WHAT THIS TASK INVOLVES:
Retype exactly the span of lines below from the one with "Das Muster der" through the one with "Çift Ağızlı Deri". Do not include pictures.

SUPPLIED DATA:
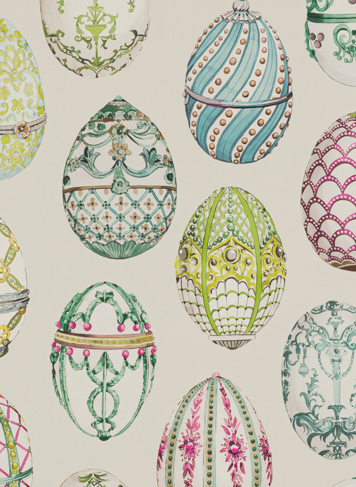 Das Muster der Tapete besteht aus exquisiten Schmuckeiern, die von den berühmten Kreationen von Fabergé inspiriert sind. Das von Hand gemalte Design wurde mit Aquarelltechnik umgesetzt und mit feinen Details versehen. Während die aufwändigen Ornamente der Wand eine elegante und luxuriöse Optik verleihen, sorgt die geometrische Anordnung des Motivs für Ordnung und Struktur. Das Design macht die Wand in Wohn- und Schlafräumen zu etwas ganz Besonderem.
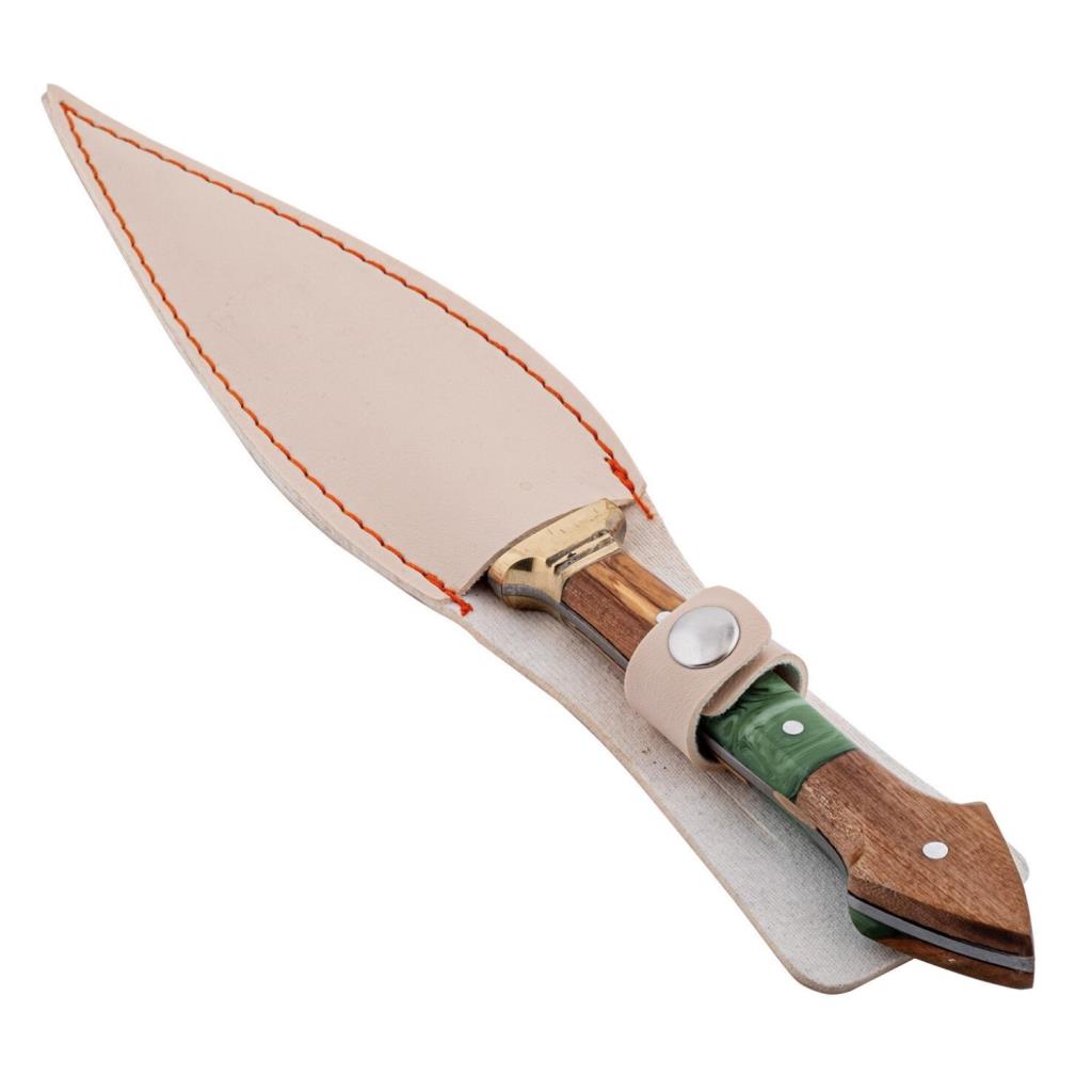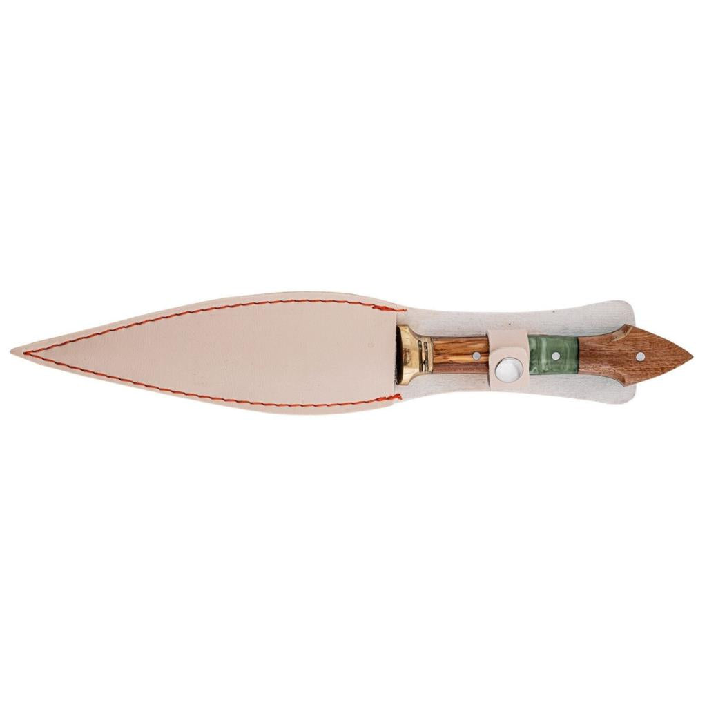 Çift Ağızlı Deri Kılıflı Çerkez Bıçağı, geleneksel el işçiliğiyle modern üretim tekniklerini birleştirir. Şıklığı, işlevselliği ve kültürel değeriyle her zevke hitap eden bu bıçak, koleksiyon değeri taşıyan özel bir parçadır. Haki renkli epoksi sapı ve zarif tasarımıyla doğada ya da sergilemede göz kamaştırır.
--
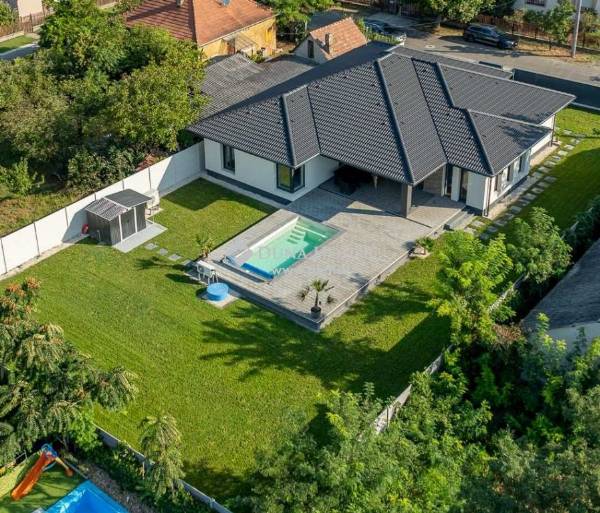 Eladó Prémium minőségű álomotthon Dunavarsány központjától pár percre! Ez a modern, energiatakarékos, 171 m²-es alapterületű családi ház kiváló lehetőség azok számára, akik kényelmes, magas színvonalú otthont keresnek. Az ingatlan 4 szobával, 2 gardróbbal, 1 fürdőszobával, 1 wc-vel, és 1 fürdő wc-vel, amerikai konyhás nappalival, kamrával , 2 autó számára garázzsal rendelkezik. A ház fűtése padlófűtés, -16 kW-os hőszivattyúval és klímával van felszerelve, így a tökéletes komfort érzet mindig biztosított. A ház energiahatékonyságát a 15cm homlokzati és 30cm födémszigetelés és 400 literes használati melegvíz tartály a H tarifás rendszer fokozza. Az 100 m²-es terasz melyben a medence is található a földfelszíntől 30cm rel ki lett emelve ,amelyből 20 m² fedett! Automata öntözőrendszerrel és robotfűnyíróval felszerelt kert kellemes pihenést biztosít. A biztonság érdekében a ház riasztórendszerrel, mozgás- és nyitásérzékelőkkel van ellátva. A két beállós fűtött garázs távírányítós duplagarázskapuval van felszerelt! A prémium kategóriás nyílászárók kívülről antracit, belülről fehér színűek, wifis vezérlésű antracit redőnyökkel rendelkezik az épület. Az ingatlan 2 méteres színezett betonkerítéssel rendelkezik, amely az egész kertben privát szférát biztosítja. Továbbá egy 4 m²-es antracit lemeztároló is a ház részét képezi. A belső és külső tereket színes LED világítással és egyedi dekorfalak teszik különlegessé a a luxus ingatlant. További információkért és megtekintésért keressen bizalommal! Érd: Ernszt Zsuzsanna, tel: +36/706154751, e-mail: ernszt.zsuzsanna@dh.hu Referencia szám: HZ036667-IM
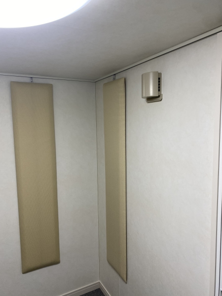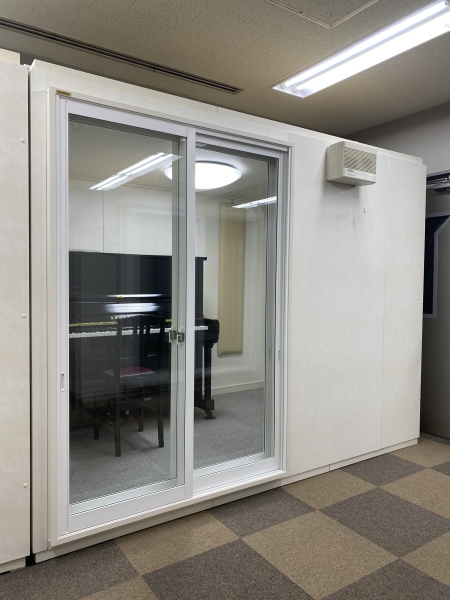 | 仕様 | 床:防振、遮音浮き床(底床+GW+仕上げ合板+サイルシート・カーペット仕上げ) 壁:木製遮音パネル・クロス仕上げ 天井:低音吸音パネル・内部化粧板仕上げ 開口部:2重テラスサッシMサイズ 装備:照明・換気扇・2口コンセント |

SOLUTION TO THIS PROBLEM:
 Das Muster der Tapete besteht aus exquisiten Schmuckeiern, die von den berühmten Kreationen von Fabergé inspiriert sind. Das von Hand gemalte Design wurde mit Aquarelltechnik umgesetzt und mit feinen Details versehen. Während die aufwändigen Ornamente der Wand eine elegante und luxuriöse Optik verleihen, sorgt die geometrische Anordnung des Motivs für Ordnung und Struktur. Das Design macht die Wand in Wohn- und Schlafräumen zu etwas ganz Besonderem.
 Çift Ağızlı Deri Kılıflı Çerkez Bıçağı, geleneksel el işçiliğiyle modern üretim tekniklerini birleştirir. Şıklığı, işlevselliği ve kültürel değeriyle her zevke hitap eden bu bıçak, koleksiyon değeri taşıyan özel bir parçadır. Haki renkli epoksi sapı ve zarif tasarımıyla doğada ya da sergilemede göz kamaştırır.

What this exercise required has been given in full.